BRIEF:
Find the line that holds "Seiko quartz mens", then repeat it and each line below it word for word through the end of the listing, leaving out pictures.

RAW DATA:
.....
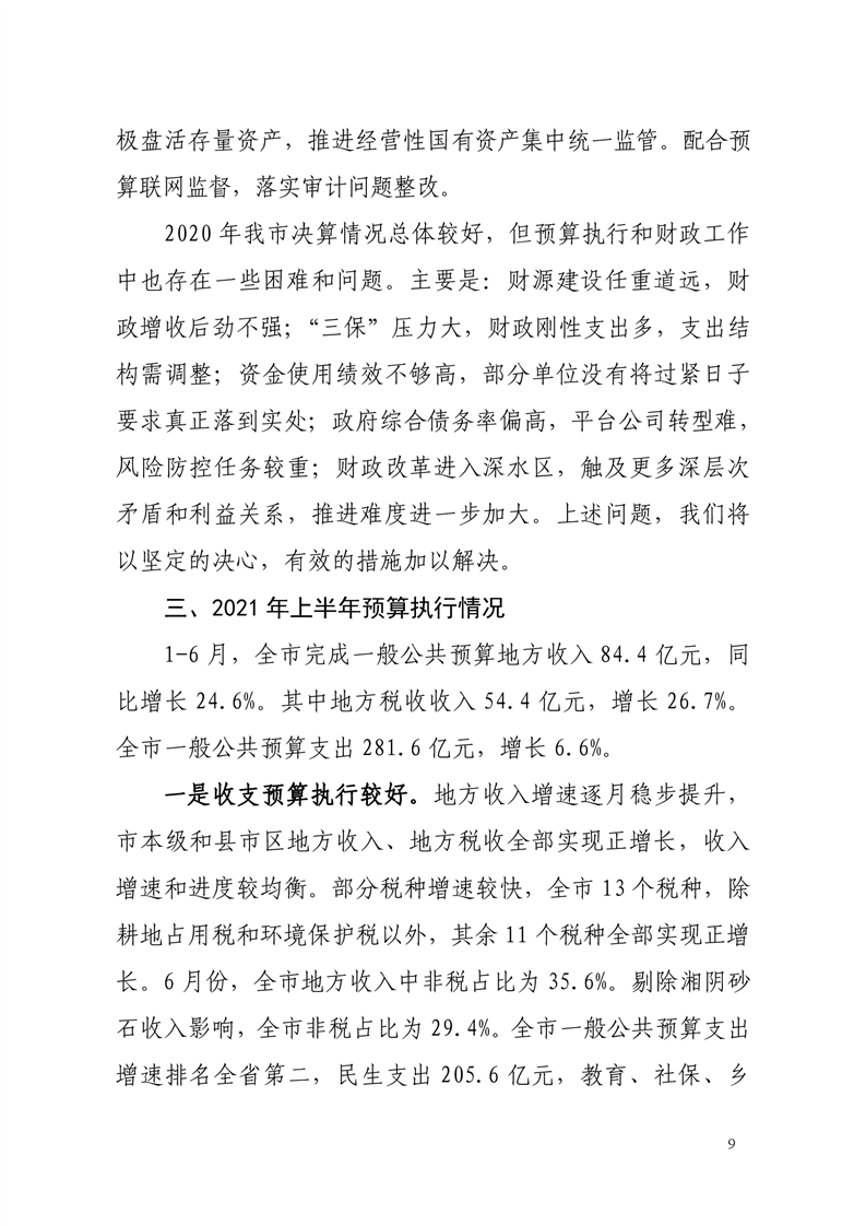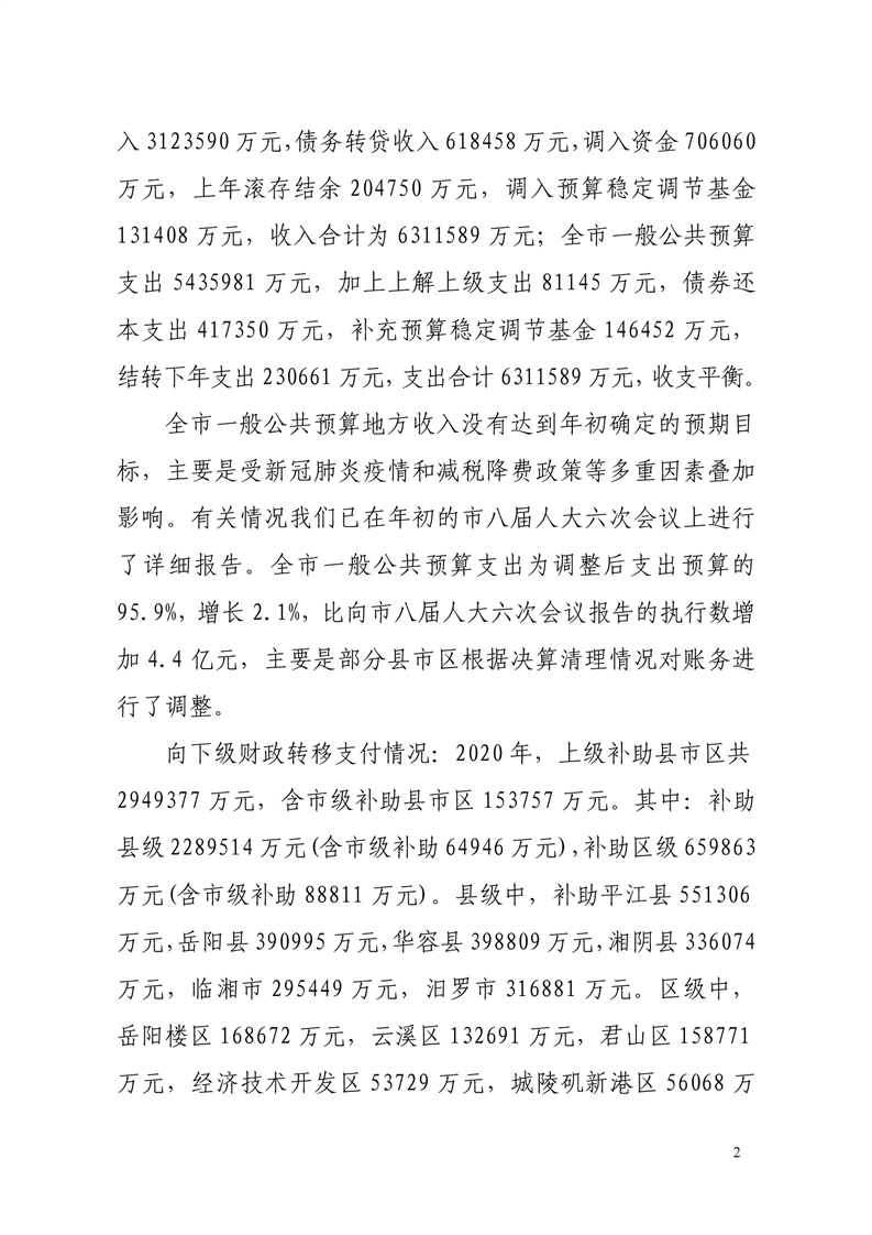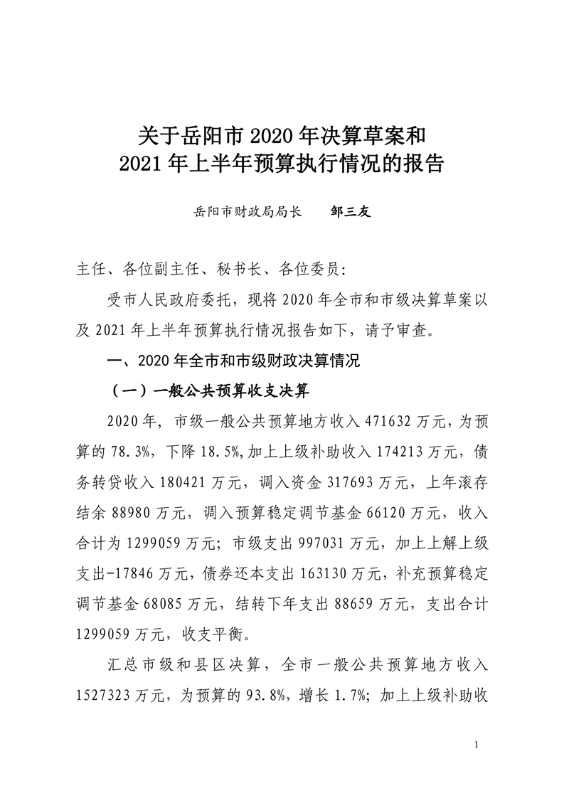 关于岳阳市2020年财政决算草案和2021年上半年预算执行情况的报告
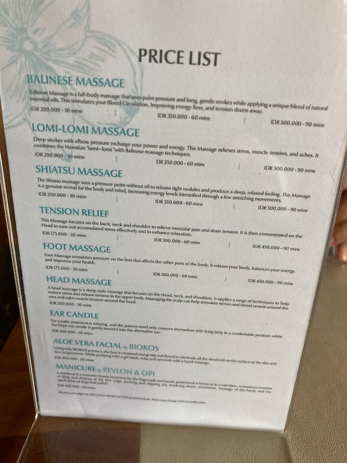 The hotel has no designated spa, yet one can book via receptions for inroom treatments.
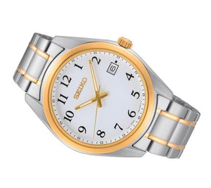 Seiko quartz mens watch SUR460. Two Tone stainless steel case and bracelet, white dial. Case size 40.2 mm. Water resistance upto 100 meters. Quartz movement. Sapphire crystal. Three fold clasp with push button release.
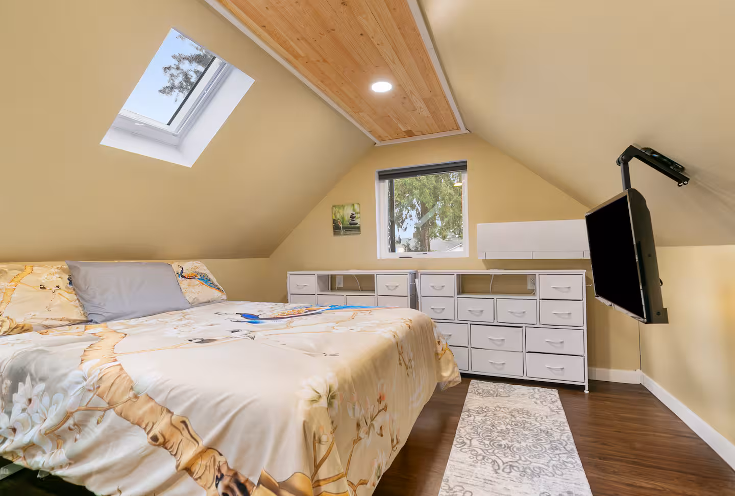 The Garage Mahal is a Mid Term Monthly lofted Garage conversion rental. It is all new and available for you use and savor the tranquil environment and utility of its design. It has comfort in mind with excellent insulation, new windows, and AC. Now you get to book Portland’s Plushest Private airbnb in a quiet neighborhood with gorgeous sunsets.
.....
RESPONSE TO THE TASK:
 Seiko quartz mens watch SUR460. Two Tone stainless steel case and bracelet, white dial. Case size 40.2 mm. Water resistance upto 100 meters. Quartz movement. Sapphire crystal. Three fold clasp with push button release.
 The Garage Mahal is a Mid Term Monthly lofted Garage conversion rental. It is all new and available for you use and savor the tranquil environment and utility of its design. It has comfort in mind with excellent insulation, new windows, and AC. Now you get to book Portland’s Plushest Private airbnb in a quiet neighborhood with gorgeous sunsets.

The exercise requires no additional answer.